Starting with the line that contains "가랑비메이커의 3년 만의", repeat each line exactly through the final line of the listing. No picture should appear in the copy.

====== INPUT DATA ======

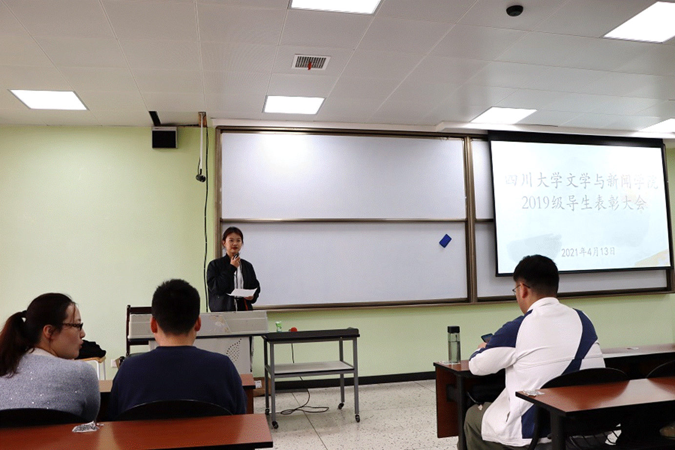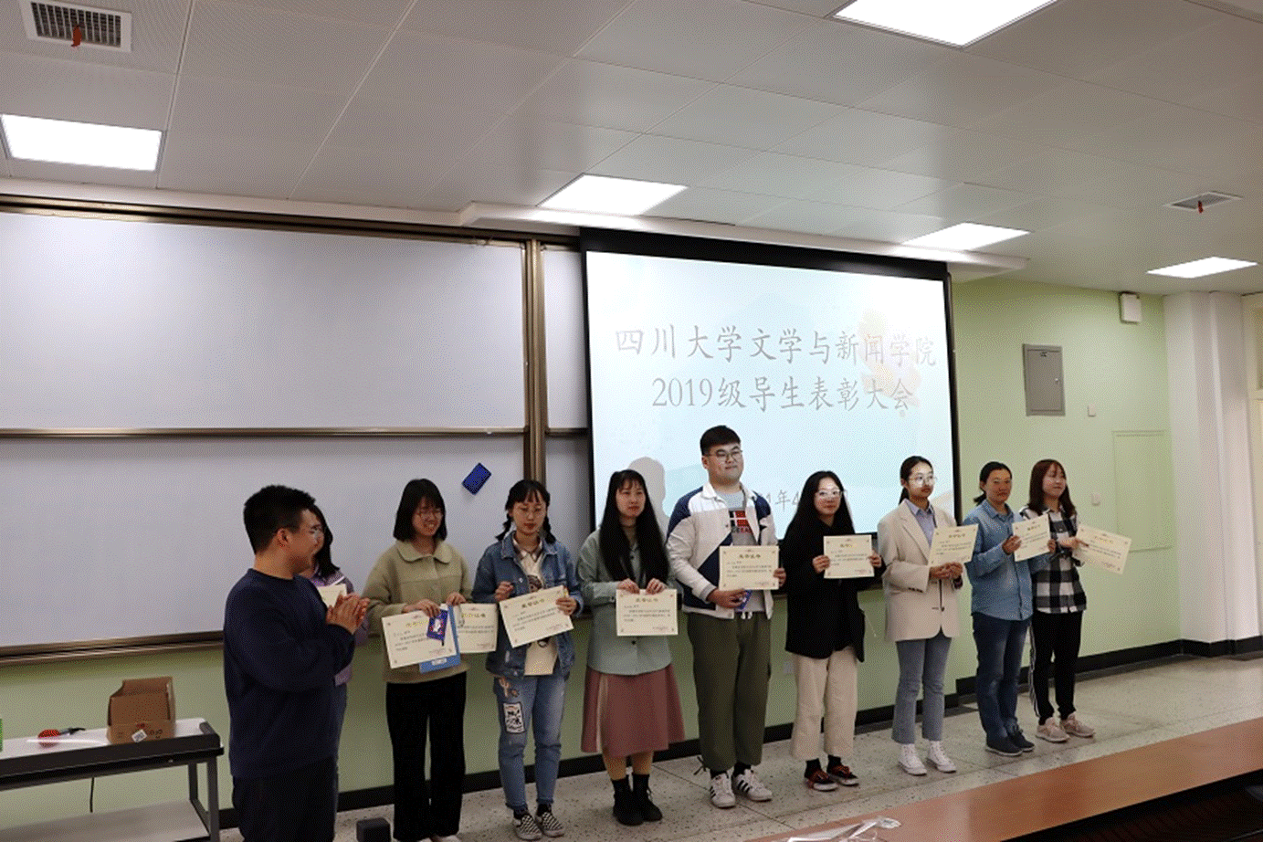 2019级导生表彰大会在江安校区第一教学楼B座301举行。2020级本科生辅导员胡余龙老师、兼职辅导员王一冰老师等嘉宾出席大会,2019级全体导生参加本次大会。
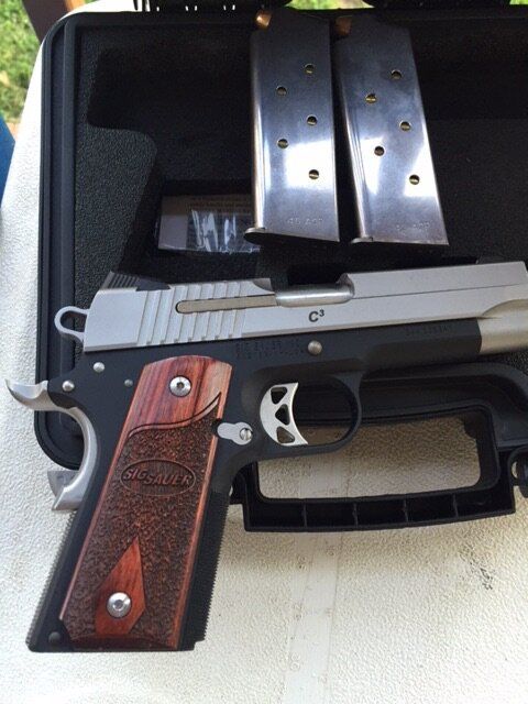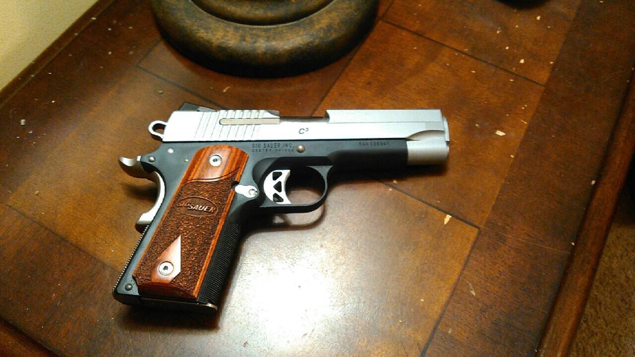 Sig C3 1911, nice gun only about 50 rounds fired. Comes with 2 mags and box. Nice rosewood grips, trigger is crisp. Very accurate pistol, Decatur al 900$ Obo cash or will look at trades. Barrel is 4.25 inches long
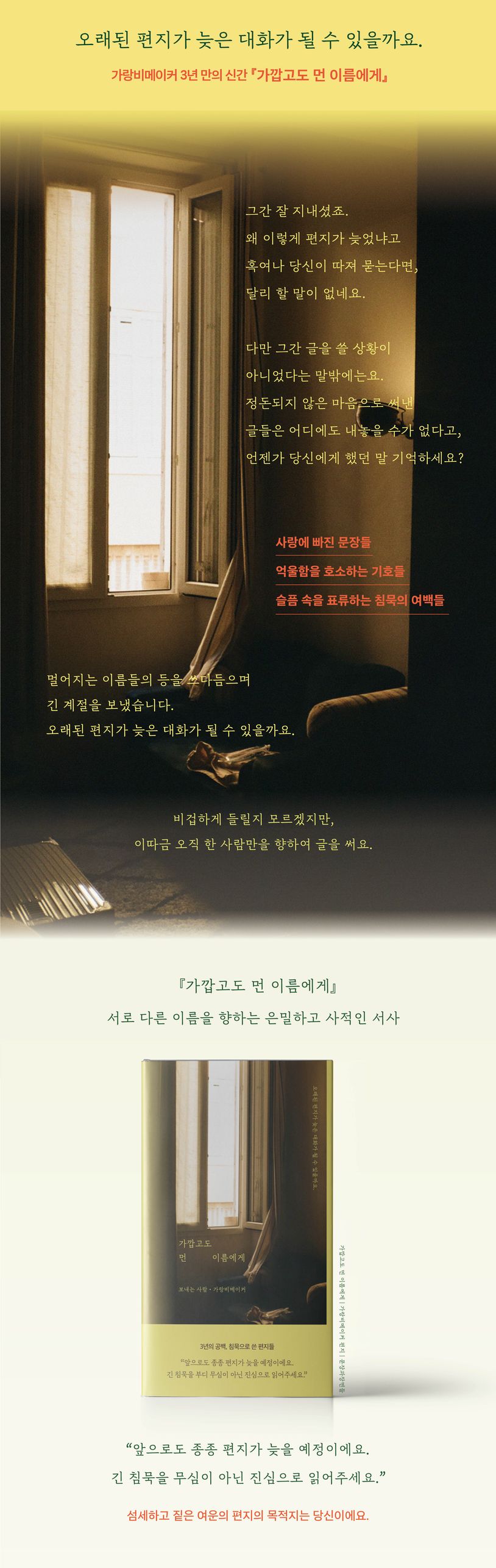 가랑비메이커의 3년 만의 신간 『가깝고도 먼 이름에게』는 3년이라는 공백의 시간을 통해 침묵으로 쓴 편지들의 집합이다. 매일 모니터 앞에서, 사람들 앞에서 수많은 문장을 내놓아야 하는 작가라는 직업에 대한 깊은 사유를 하던 어느 계절, 우연히 발견한 부치지 못한 편지들에서 책 『가깝고도 먼 이름에게』가 시작되었다.
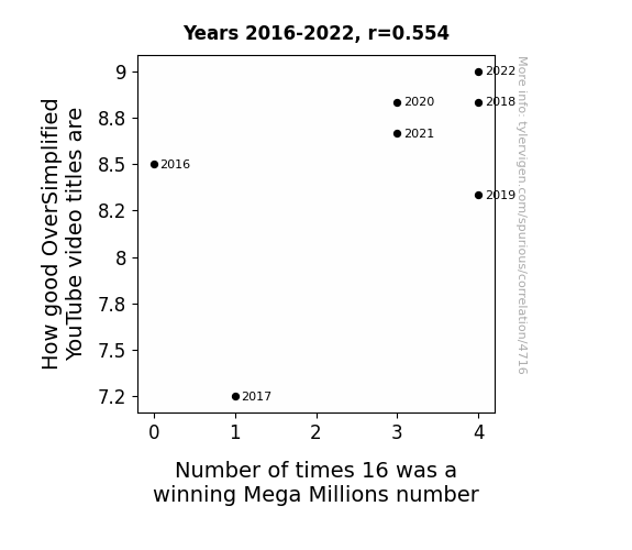 This means 30.6% of the change in the one variable (i.e., Number of times 16 was a winning Mega Millions number) is predictable based on the change in the other (i.e., How good OverSimplified YouTube video titles are) over the 7 years from 2016 through 2022.

======

ANSWER AREA:
 가랑비메이커의 3년 만의 신간 『가깝고도 먼 이름에게』는 3년이라는 공백의 시간을 통해 침묵으로 쓴 편지들의 집합이다. 매일 모니터 앞에서, 사람들 앞에서 수많은 문장을 내놓아야 하는 작가라는 직업에 대한 깊은 사유를 하던 어느 계절, 우연히 발견한 부치지 못한 편지들에서 책 『가깝고도 먼 이름에게』가 시작되었다.
 This means 30.6% of the change in the one variable (i.e., Number of times 16 was a winning Mega Millions number) is predictable based on the change in the other (i.e., How good OverSimplified YouTube video titles are) over the 7 years from 2016 through 2022.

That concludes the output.